20:47:42.546 Init done in 1.8408s, including 0.8137s (44%) for the Python interpreter.
20:47:42.546 Plugin loaded: Internal.About
20:47:42.593 Plugin loaded: Apps.CustomCmds (instance #1)
20:47:42.593 Plugin loaded: Apps.Desktop (instance #1)
20:47:42.593 Plugin loaded: Apps.EnvPath (instance #1)
20:47:42.593 Plugin loaded: Apps.ExtraPaths (instance #1)
20:47:42.593 Plugin loaded: Apps.StartMenu (instance #1)
20:47:42.671 Plugin loaded: Bookmarks.Bookmarks (instance #1)
20:47:42.686 Plugin loaded: Calc.Calc (instance #1)
20:47:42.686 Plugin loaded: ControlPanel.ControlPanel (instance #1)
20:47:42.686 Plugin loaded: Everything.Everything (instance #1)
20:47:42.702 Plugin loaded: FileBrowser.FileBrowser (instance #1)
20:47:42.749 Plugin loaded: FileZilla.FileZilla (instance #1)
20:47:42.764 Plugin loaded: GoogleTranslate.GoogleTranslate (instance #1)
20:47:42.764 Plugin loaded: PuTTY.PuTTY (instance #1)
20:47:42.764 Plugin loaded: RegBrowser.RegBrowser (instance #1)
20:47:42.780 Plugin loaded: SystemCommands.SystemCommands (instance #1)
20:47:42.780 Plugin loaded: TaskSwitcher.TaskSwitcher (instance #1)
20:47:42.780 Plugin loaded: URL.URL (instance #1)
20:47:42.780 Plugin loaded: WebSearch.WebSearch (instance #1)
20:47:42.795 Python: Traceback (most recent call last):
20:47:42.795 Python: File "C:\Program Files\Keypirinha\default\Packages\WebSuggest.keypirinha-package\websuggest.py", line 15, in
20:47:42.795 Python: ImportError: cannot import name 'websuggest_user_parsers'
20:47:42.795 Plugin loaded: WebSuggest.WebSuggest (instance #1)
20:47:42.795 Plugin loaded: Winamp.Winamp (instance #1)
20:47:42.795 Plugin loaded: WinSCP.WinSCP (instance #1)
20:47:42.920 Bookmarks.Bookmarks: Referenced 0 bookmarks
20:47:43.014 Apps.EnvPath: Cataloged 740 items in 0.1 seconds

@polyvertex

This comment has been minimized.

Show comment
Hide comment
@polyvertex

polyvertex Feb 7, 2017

Member

tl;dr Keypirinha implements a permissive matching algorithm (i.e. fuzzy matching), which is the reason why there are 54 items more in the list. They actually match the sequence rogue since the only requirement for a match is that all the characters you type must be present in item's title, and in the same order.

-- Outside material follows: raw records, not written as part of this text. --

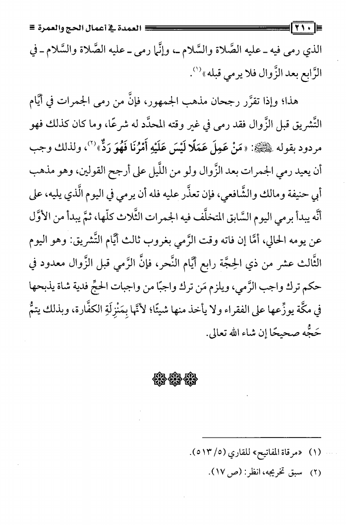 نام کتاب : العمدة فى أعمال الحج والعمرة ومعه نصيحة بين يدي الحاج والمعتمر، فتاوى في الحج والعمرة نویسنده : محمد علي فركوس أبو عبد المعز جلد : 1 صفحه : 210
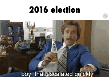 That being said, maybe it's because I'm older, but this election is amazing and terrifying to watch. Donald Trump and Ted Cruz defy even accurate name-calling on my behalf because all of my potential insults (douchebag, loony-bin escapees, nutjob) seemed offensive to people who are actually douchebags, out of a loony-bin, or nutjobs. They both terrify me in so many different ways.
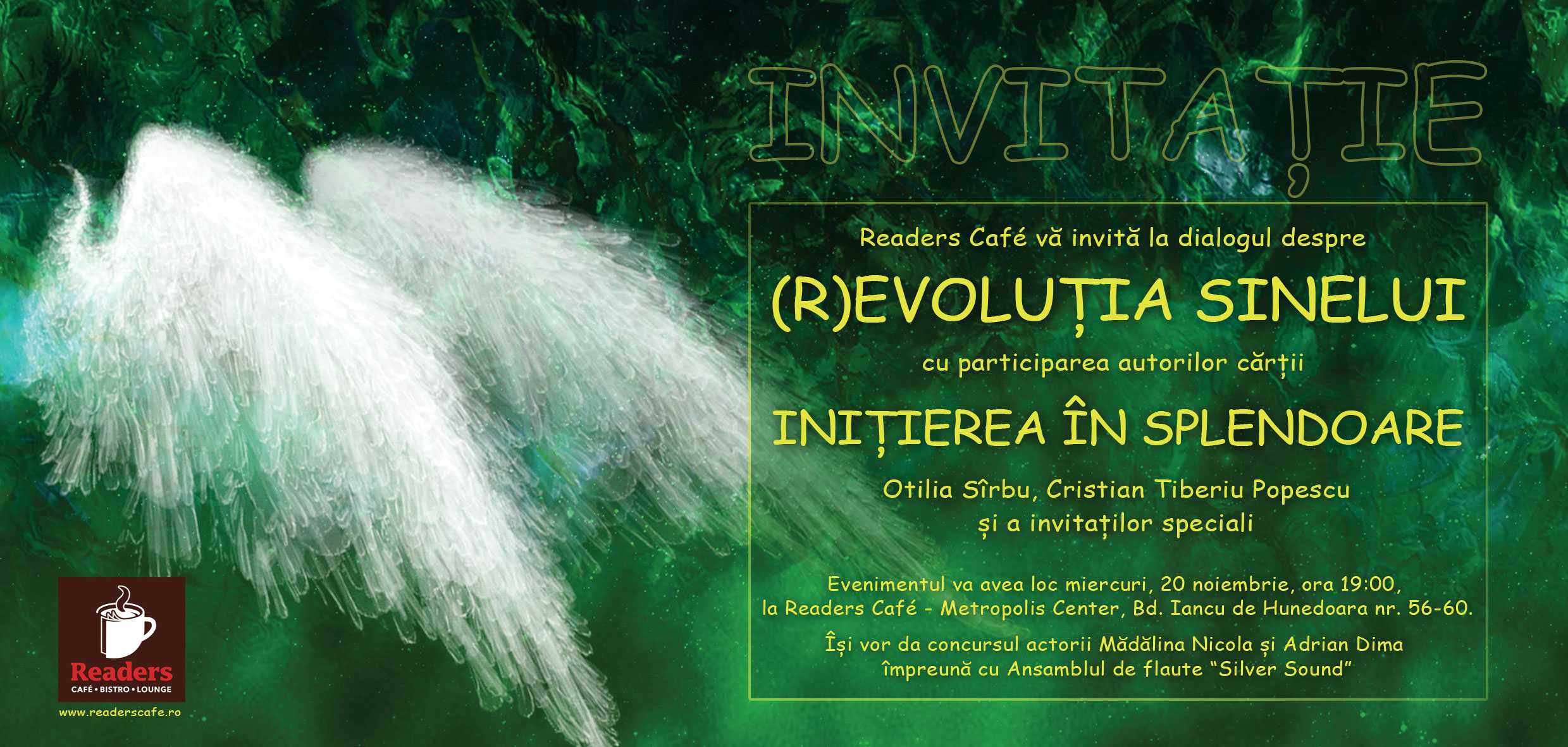 Miercuri, 20 noiembrie 2013, la Readers Café – Metropolis Center din Bucureşti (Bd. Iancu de Hunedoara, nr. 50-56), începând cu ora 19.00, va avea loc dialogul despre „(R)evoluţia sinelui”, mişcare de idei al cărei prim-impuls este cartea „Iniţierea în splendoare”, de Otilia Sîrbu şi Cristian Tiberiu Popescu, Editura Tracus Arte, a cărei lansare s-a produs la Sala Radio în urmă cu două luni, stârnind deja interesul criticii literare şi interesul publicului larg. La dialog, moderat de Dan Mircea Cipariu, vor participa distinse personalităţi, dinăuntrul şi dinafara lumii literare. Îşi vor da concursul actorii Mădălina Nicola şi Adrian Dima, precum şi Ansamblul de flaute „Silver Sound”. AgenţiadeCarte.ro este partenerul media al evenimentului.

More details: With an exact matching algorithm, you would not be able to type ffx to match Firefox for example; requiring you to type fire or fox or any other sequence that matches exactly at least a part of the name. Yet, in Keypirinha, the item Firefox will have a better score with the search term fire than with the search term ffx.

All of this is then balanced by the scoring system that will tend to give more weight to items you have already launched, despite perhaps a lesser score in some cases.

Indeed, it is not an exact science and this algorithm, like any other, has its cons. It may happen for example that the scoring system gets too much involved in its task by pushing items to high in the results list, which may require you to scroll down the list a tiny bit. This is where the implicit keyword association mechanism comes into the game so it feels a bit more natural the next time you aim for the same item.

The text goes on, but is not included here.